What human genetic modification means for women: supporters of the new eugenics want it framed as an issue of "choice." But feminists know we can support abortion rights and still oppose eugenics.

AuthorLevine, Judith
PositionThe Risks of the Rush

Supporters of the new eugenics want it trained as an issue of "choice." But feminists know we can support abortion rights and still oppose eugenics.

Seduced by the medical promises of genetic science or fearful of losing reproductive autonomy, many feminists have been slow to oppose human genetic engineering. But GE is a threat to women, and in the broadest sense a feminist issue. Here's why.

If anyone should be wary of medical techniques to "improve" ordinary reproduction--as GE purports to do--it's women. History is full of such "progress," and its grave results. When limbless babies were born to mothers who took thalidomide, the drug was recalled. But the deadly results of another "pregnancy-enhancing" drug, DES, showed up only years later, as cancer in the daughters of DES mothers. The high-estrogen Pill was tested first on uninformed Puerto Rican mothers, some of whom may have died from it.
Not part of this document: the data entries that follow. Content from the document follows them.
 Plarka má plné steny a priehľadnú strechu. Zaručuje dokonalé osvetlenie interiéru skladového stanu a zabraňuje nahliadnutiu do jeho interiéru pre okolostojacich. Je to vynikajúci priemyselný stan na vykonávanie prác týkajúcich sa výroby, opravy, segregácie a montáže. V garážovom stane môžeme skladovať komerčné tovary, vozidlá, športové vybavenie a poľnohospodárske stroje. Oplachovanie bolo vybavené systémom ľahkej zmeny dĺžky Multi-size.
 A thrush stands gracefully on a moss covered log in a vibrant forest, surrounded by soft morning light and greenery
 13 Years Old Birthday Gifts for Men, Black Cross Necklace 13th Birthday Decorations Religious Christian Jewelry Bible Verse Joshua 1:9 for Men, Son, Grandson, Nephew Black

Today's fertility industry takes in $4 billion a year, even though in-vitro fertilization (IVF) succeeds in only 3 of 10 cases. Virtually unregulated and highly competitive, these fertility doctors often undertake experimental treatments. Recently, the Institute for Reproductive Medicine and Science at New Jersey's St. Barnabas Medical Center announced the success of a new fertility "therapy" called cytoplasmic transfer, in which some of the cellular material outside the nucleus of one woman's egg is transferred into the egg of another woman who is having difficulty sustaining embryo survival. The transferred cytoplasm contains mitochondria (organelles that produce energy for the cell), which have a small number of their own genes. So the embryo produced with cytoplasmic transfer can end up with two genetic mothers. This mixing, called "mitochondrial hetroplasmy," can cause life-threatening symptoms that don't show up until later in life. When the Public Broadcasting Service's Nova enthusiastically reported o n the procedure, complete with footage of its cute outcome, Katy, it mentioned no risks.
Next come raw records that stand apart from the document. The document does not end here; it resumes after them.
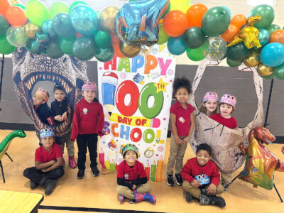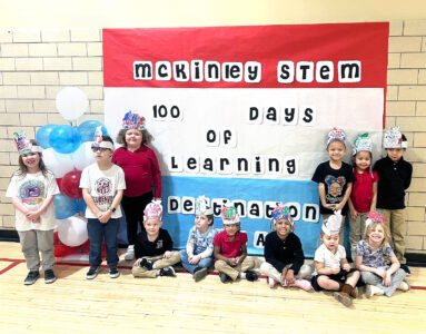 Students in the Steubenville City School District celebrated 100 days of school Jan. 28. A variety of activities highlighted the occasion. Those at East Garfield Elementary School, above, did a dinosaur-themed “100 Days of Discovery: Digging, Discovering and Learning Together.” Children included, from left, front, Kylonnie Robertson, LaWan Livingston III and Myles Thomas; and back, Tilal Johnson, Lilala Miller, Sebastian Janik, Elliana King, Heavenly Zylko and Niklaus Miller. Below, McKinley STEM Academy touted “100 Days of Learning — Destination USA” as its theme. Preschoolers celebrating included, from left, front, Luca Scurti, Enzo DiCarlantonio, Lai’Lyn Johnson, D’ari Fleshman, Piper Cottrill and Penelope Poludniak; and back, Emry Virtue, Sigi Cutri, Cicely King, Isabella Torres, Avionna Jeter and Adonis Wilson.
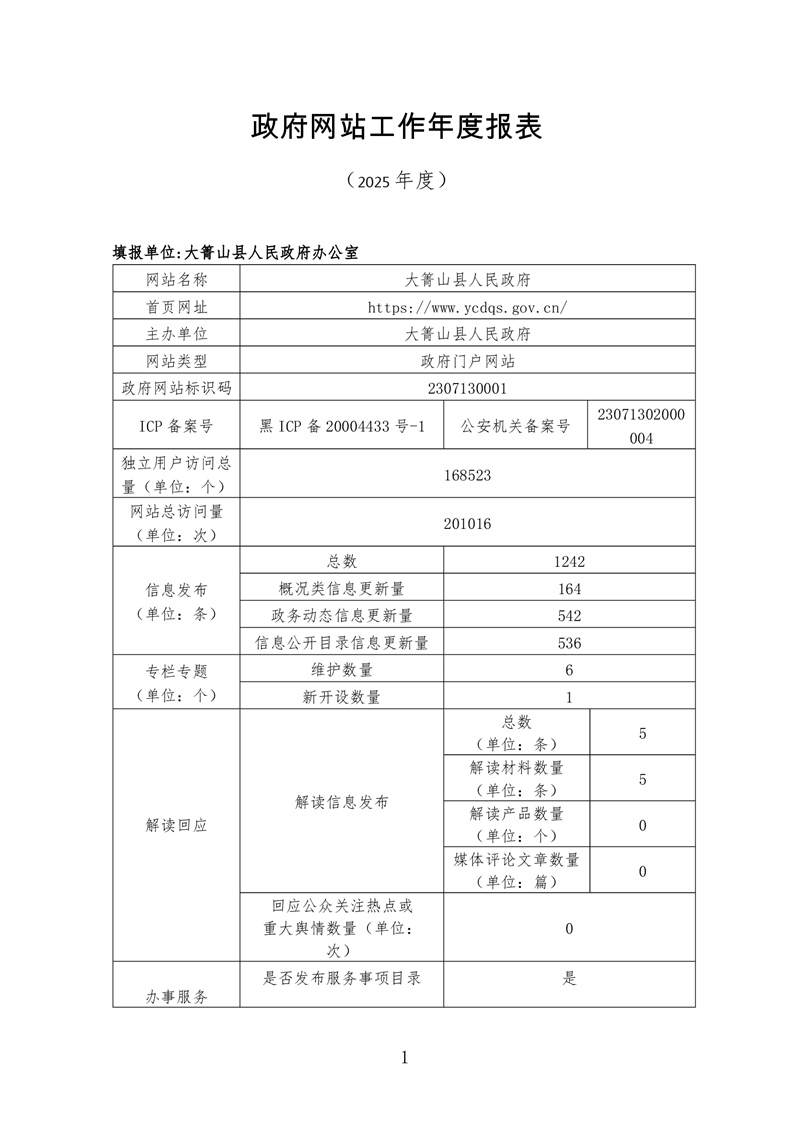 伊春市大箐山县政府网站工作年度报表(2025年度)
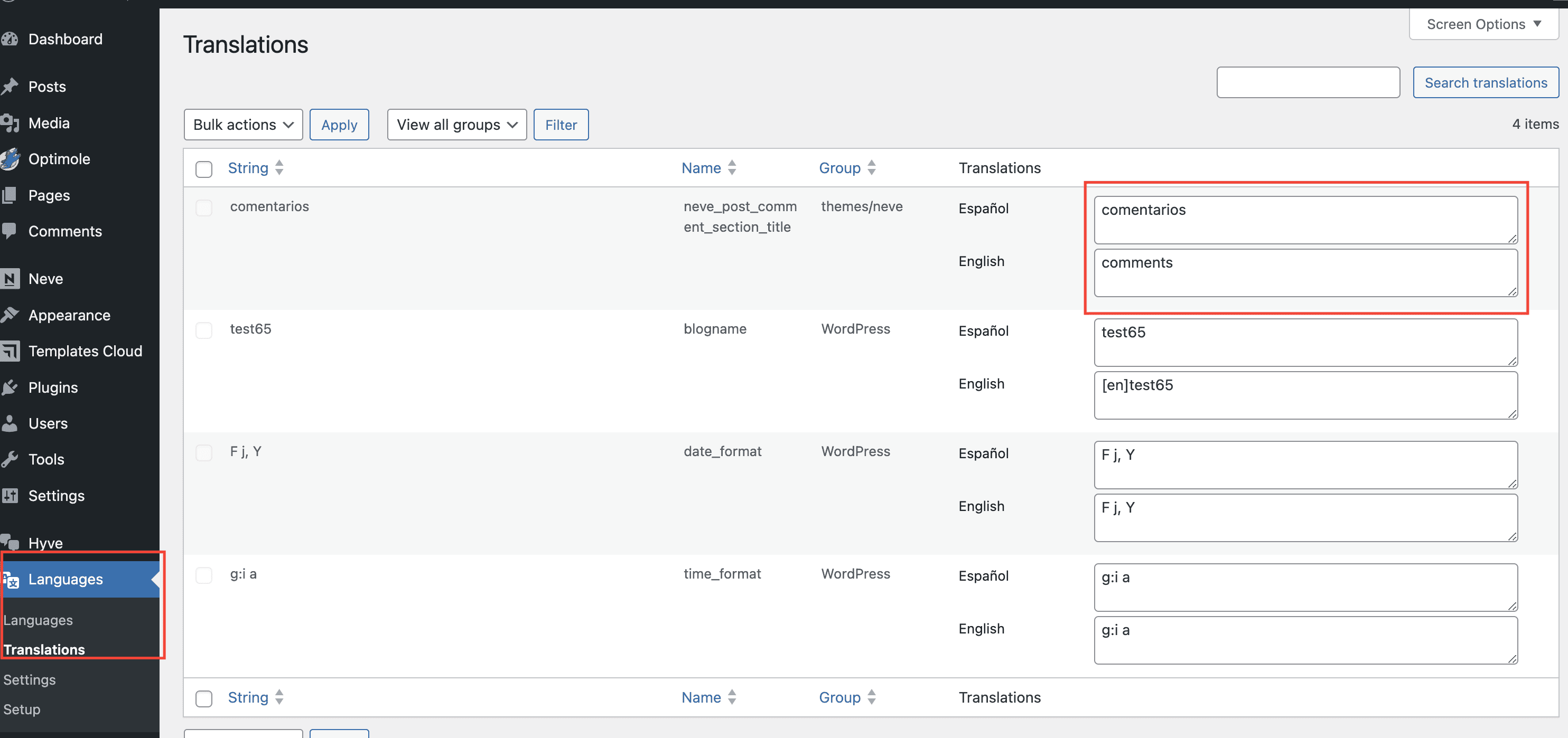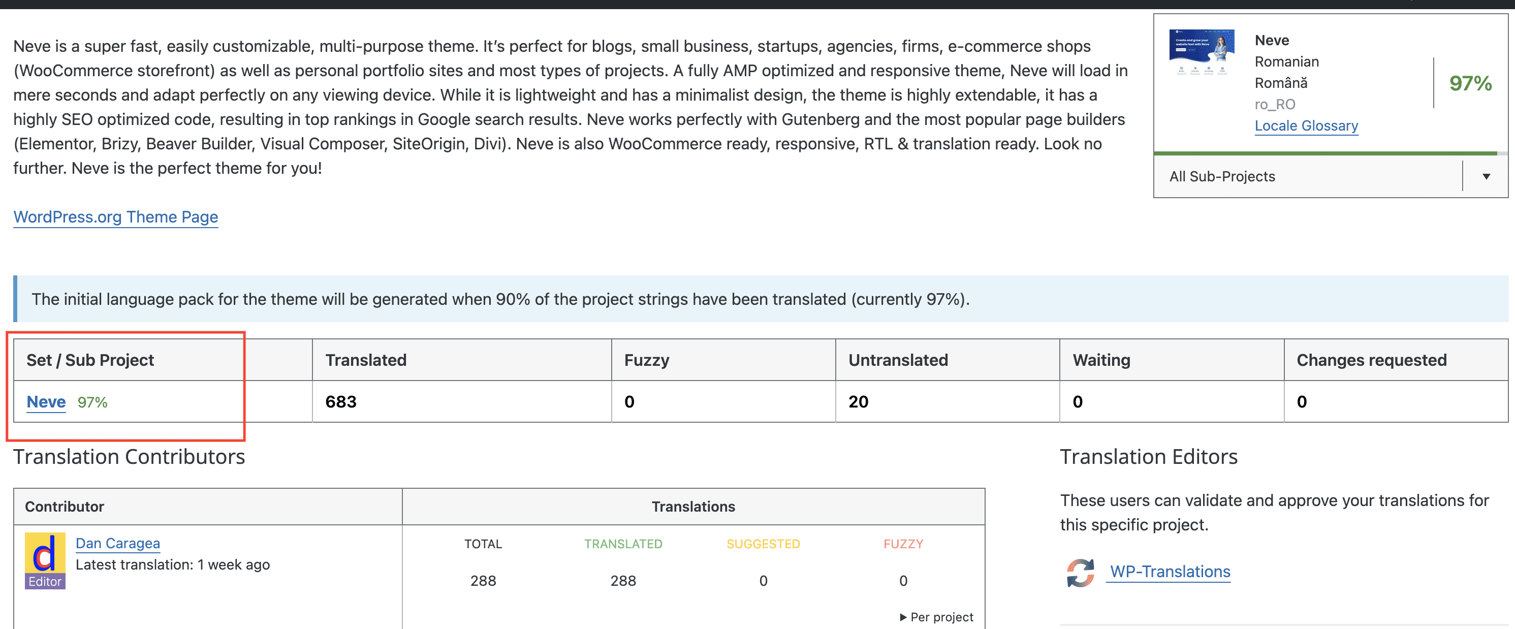 Seaching for the Neve theme to translate

Didn't these patients give informed consent? Yes and no. Most read warnings and signed their names. But with genetic therapies there's no such thing as "informed," says Judy Norsigian of the Boston Women's Health Collective, "because the risks can't be known." Adds biologist Ruth Hubbard, the deadliness of DES was discovered "only because it showed itself in an otherwise very rare condition. If the effects [of human genetic engineering] are delayed, and if they are not associated with a particularly unusual pathology, it could take quite a long time to find out." Or indeed, "we might never know."

"PERFECTING" HUMAN GENETIC MODIFICATION WOULD REQUIRE EXPERIMENTATION ON WOMEN AND CHILDREN.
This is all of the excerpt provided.